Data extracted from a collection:
* * *

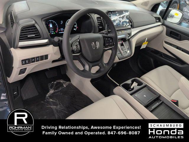 Discover the perfect family companion with the 2026 Honda Odyssey EX-L. This exceptional minivan boasts a captivating blue exterior, seamlessly blending style and functionality to elevate your driving experience. ⢠Bluetooth, Hands-Free ⢠Power moonroof ⢠Power Liftgate ⢠Blind Spot Information (BSI) System warning ⢠Lane Keeping Assist System (LKAS) active ⢠Exterior Parking Camera Rear ⢠Adaptive Cruise Control (ACC) with Low-Speed Follow ⢠Apple CarPlay/Android Auto ⢠3rd row seats: split-bench ⢠Heated front seats ⢠Leather-Trimmed Seats Powered by a robust 3.5L V6 SOHC i-VTEC 24V engine, this Odyssey delivers impressive performance with a 10-Speed Automatic transmission and Front-Wheel Drive. Enjoy the perfect balance of power and efficiency, with an EPA-estimated 19 MPG in the city and 28 MPG on the highway. Step inside and experience the remarkable comfort and convenience of this Odyssey EX-L. The spacious interior offers ample room for the entire family, with a wealth of premium features to elevate your journey. Indulge in the warmth of heated front seats, while the leather-trimmed upholstery adds a touch of sophistication. Cutting-edge technology takes center stage, with seamless smartphone integration through Apple CarPlay and Android Auto. Stay connected and entertained on the go, while the 160-Watt AM/FM/HD/SiriusXM Audio System delivers exceptional sound quality. Safety is paramount, and the Odyssey EX-L is equipped with a suite of advanced driver-assistive technologies. Enjoy the peace of mind of the Blind Spot Information (BSI) System, Lane Keeping Assist System (LKAS), and Adaptive Cruise Control (ACC) with Low-Speed Follow, keeping you and your loved ones secure on the road. Elevate your family's driving experience with the 2026 Honda Odyssey EX-L. This exceptional minivan combines style, performance, and cutting-edge features to make every journey a memorable one. Visit our showroom today and discover why the Odyssey EX-L is the perfect choice for your next family adventure.
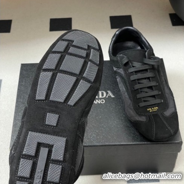Best Grade Prada Montecarlo Re-Edition 2005 suede and Re-Nylon sneakers Black 1E247O 0228064
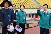 [경남도민뉴스=권중환 기자] 조규일 진주시장은 10일 제64회 경상남도민체육대회의 성공적인 개최를 위하여 진주종합경기장 및 송백파크골프장을 방문해 현장 관계자들을 격려하고 경기장 점검을 실시했다. 이날 현장 점검에서는 개회식 및 육상, 롤러 종목 등이 펼쳐지는 진주종합경기장과 파크골프 종목이 진행될 송백파크골프장의 전반적인 경기장 상태와 부대시설 등을 중점 점검했다. 시는 현재 도민체전의 원활한 추진을 위하여 총 사업비 59억 원을 투입해 경기가 치러질 시설들을 보수하고 있으며, 이달 말까지 공사를 마치고 체전 준비에 만전을 기할 계획이다. 조규일 시장은 “경기시설의 인프라 상태, 안전 관리, 교통 등 모든 분야에서 도민체전을 치르기에 손색없는 경기환경이 준비되어 가고 있다”며 “이번 점검을 토대로 체전 개최 전까지 미비한 점을 보완하여 선수와 관객 모두 안전하게 경기를 즐길 수 있도록 최선을 다하겠다”고 말했다. 한편 진주시에서는 제64회 경상남도민체육대회 기간인 5월 2일부터 5일까지 진주종합경기장 외 종목별 경기장에서 36개 종목의 경기가 운영된다.
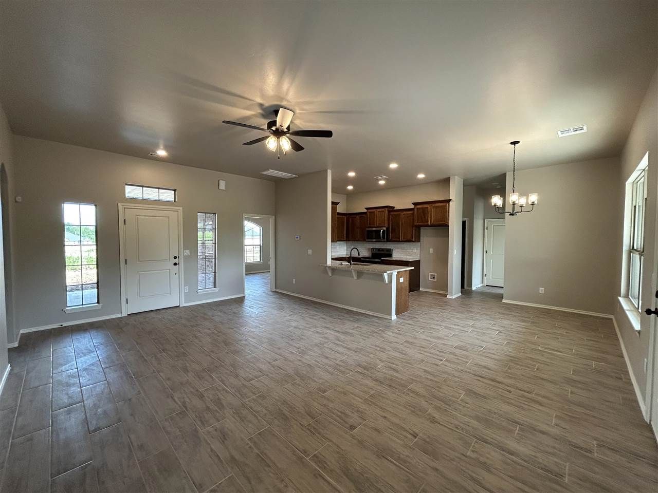 BRAND NEW! Beautiful new-construction 4-bedroom home in the coveted Wagon Trail addition. This home features 3 full bathrooms and a bonus front room that would make an ideal office or 2nd living area. Boasting approx. 2,047 SF and situated on just under an acre lot with covered porch and covered front patio, youll have endless options to spread out and enjoy the quiet area. Stainless steel appliances included - dishwasher, oven/range, built-in microwave. Home also has washer/dryer hook-ups. Dont forget about the oversized 3-4 car garage with 10x8 drive thru bay for easy access from front to back. Tenant responsible for lawncare and all utilities. Pets welcome with additional deposit. Available now through July 28, 2026. No option for renewal. This property has already been rented for August 1st.
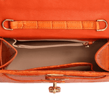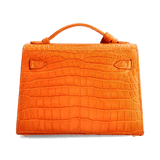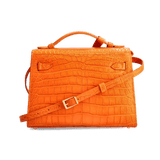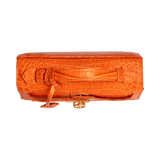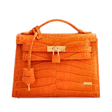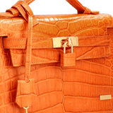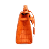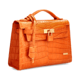 Kelsey orange nile crocodile leather constructed top flap handbag with a Pop-up top handle and a adjustable detachable shoulder strap. Bag sports a lock and key in 24 carat gold plated. The bag contains an inside back zipper pocket and lined with high quality leather. The bottom panel features bag feet studs.
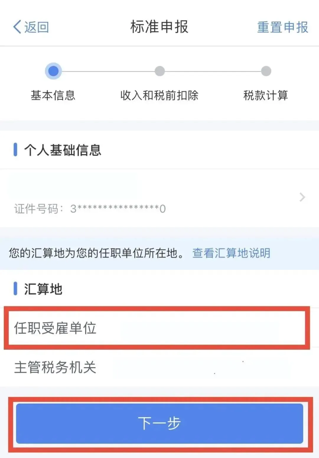 1.核对【个人基础信息】选择或确认【任职受雇单位】,点击【下一步】,没有任职受雇单位的,可选择主要收入来源地、户籍所在地或经常居住地。

* * *

Required work:
Strip out the pictures and quote the remaining data word for word.

Result of this task:
 Discover the perfect family companion with the 2026 Honda Odyssey EX-L. This exceptional minivan boasts a captivating blue exterior, seamlessly blending style and functionality to elevate your driving experience. ⢠Bluetooth, Hands-Free ⢠Power moonroof ⢠Power Liftgate ⢠Blind Spot Information (BSI) System warning ⢠Lane Keeping Assist System (LKAS) active ⢠Exterior Parking Camera Rear ⢠Adaptive Cruise Control (ACC) with Low-Speed Follow ⢠Apple CarPlay/Android Auto ⢠3rd row seats: split-bench ⢠Heated front seats ⢠Leather-Trimmed Seats Powered by a robust 3.5L V6 SOHC i-VTEC 24V engine, this Odyssey delivers impressive performance with a 10-Speed Automatic transmission and Front-Wheel Drive. Enjoy the perfect balance of power and efficiency, with an EPA-estimated 19 MPG in the city and 28 MPG on the highway. Step inside and experience the remarkable comfort and convenience of this Odyssey EX-L. The spacious interior offers ample room for the entire family, with a wealth of premium features to elevate your journey. Indulge in the warmth of heated front seats, while the leather-trimmed upholstery adds a touch of sophistication. Cutting-edge technology takes center stage, with seamless smartphone integration through Apple CarPlay and Android Auto. Stay connected and entertained on the go, while the 160-Watt AM/FM/HD/SiriusXM Audio System delivers exceptional sound quality. Safety is paramount, and the Odyssey EX-L is equipped with a suite of advanced driver-assistive technologies. Enjoy the peace of mind of the Blind Spot Information (BSI) System, Lane Keeping Assist System (LKAS), and Adaptive Cruise Control (ACC) with Low-Speed Follow, keeping you and your loved ones secure on the road. Elevate your family's driving experience with the 2026 Honda Odyssey EX-L. This exceptional minivan combines style, performance, and cutting-edge features to make every journey a memorable one. Visit our showroom today and discover why the Odyssey EX-L is the perfect choice for your next family adventure.
Best Grade Prada Montecarlo Re-Edition 2005 suede and Re-Nylon sneakers Black 1E247O 0228064
 [경남도민뉴스=권중환 기자] 조규일 진주시장은 10일 제64회 경상남도민체육대회의 성공적인 개최를 위하여 진주종합경기장 및 송백파크골프장을 방문해 현장 관계자들을 격려하고 경기장 점검을 실시했다. 이날 현장 점검에서는 개회식 및 육상, 롤러 종목 등이 펼쳐지는 진주종합경기장과 파크골프 종목이 진행될 송백파크골프장의 전반적인 경기장 상태와 부대시설 등을 중점 점검했다. 시는 현재 도민체전의 원활한 추진을 위하여 총 사업비 59억 원을 투입해 경기가 치러질 시설들을 보수하고 있으며, 이달 말까지 공사를 마치고 체전 준비에 만전을 기할 계획이다. 조규일 시장은 “경기시설의 인프라 상태, 안전 관리, 교통 등 모든 분야에서 도민체전을 치르기에 손색없는 경기환경이 준비되어 가고 있다”며 “이번 점검을 토대로 체전 개최 전까지 미비한 점을 보완하여 선수와 관객 모두 안전하게 경기를 즐길 수 있도록 최선을 다하겠다”고 말했다. 한편 진주시에서는 제64회 경상남도민체육대회 기간인 5월 2일부터 5일까지 진주종합경기장 외 종목별 경기장에서 36개 종목의 경기가 운영된다.
 BRAND NEW! Beautiful new-construction 4-bedroom home in the coveted Wagon Trail addition. This home features 3 full bathrooms and a bonus front room that would make an ideal office or 2nd living area. Boasting approx. 2,047 SF and situated on just under an acre lot with covered porch and covered front patio, youll have endless options to spread out and enjoy the quiet area. Stainless steel appliances included - dishwasher, oven/range, built-in microwave. Home also has washer/dryer hook-ups. Dont forget about the oversized 3-4 car garage with 10x8 drive thru bay for easy access from front to back. Tenant responsible for lawncare and all utilities. Pets welcome with additional deposit. Available now through July 28, 2026. No option for renewal. This property has already been rented for August 1st.
 Kelsey orange nile crocodile leather constructed top flap handbag with a Pop-up top handle and a adjustable detachable shoulder strap. Bag sports a lock and key in 24 carat gold plated. The bag contains an inside back zipper pocket and lined with high quality leather. The bottom panel features bag feet studs.
 1.核对【个人基础信息】选择或确认【任职受雇单位】,点击【下一步】,没有任职受雇单位的,可选择主要收入来源地、户籍所在地或经常居住地。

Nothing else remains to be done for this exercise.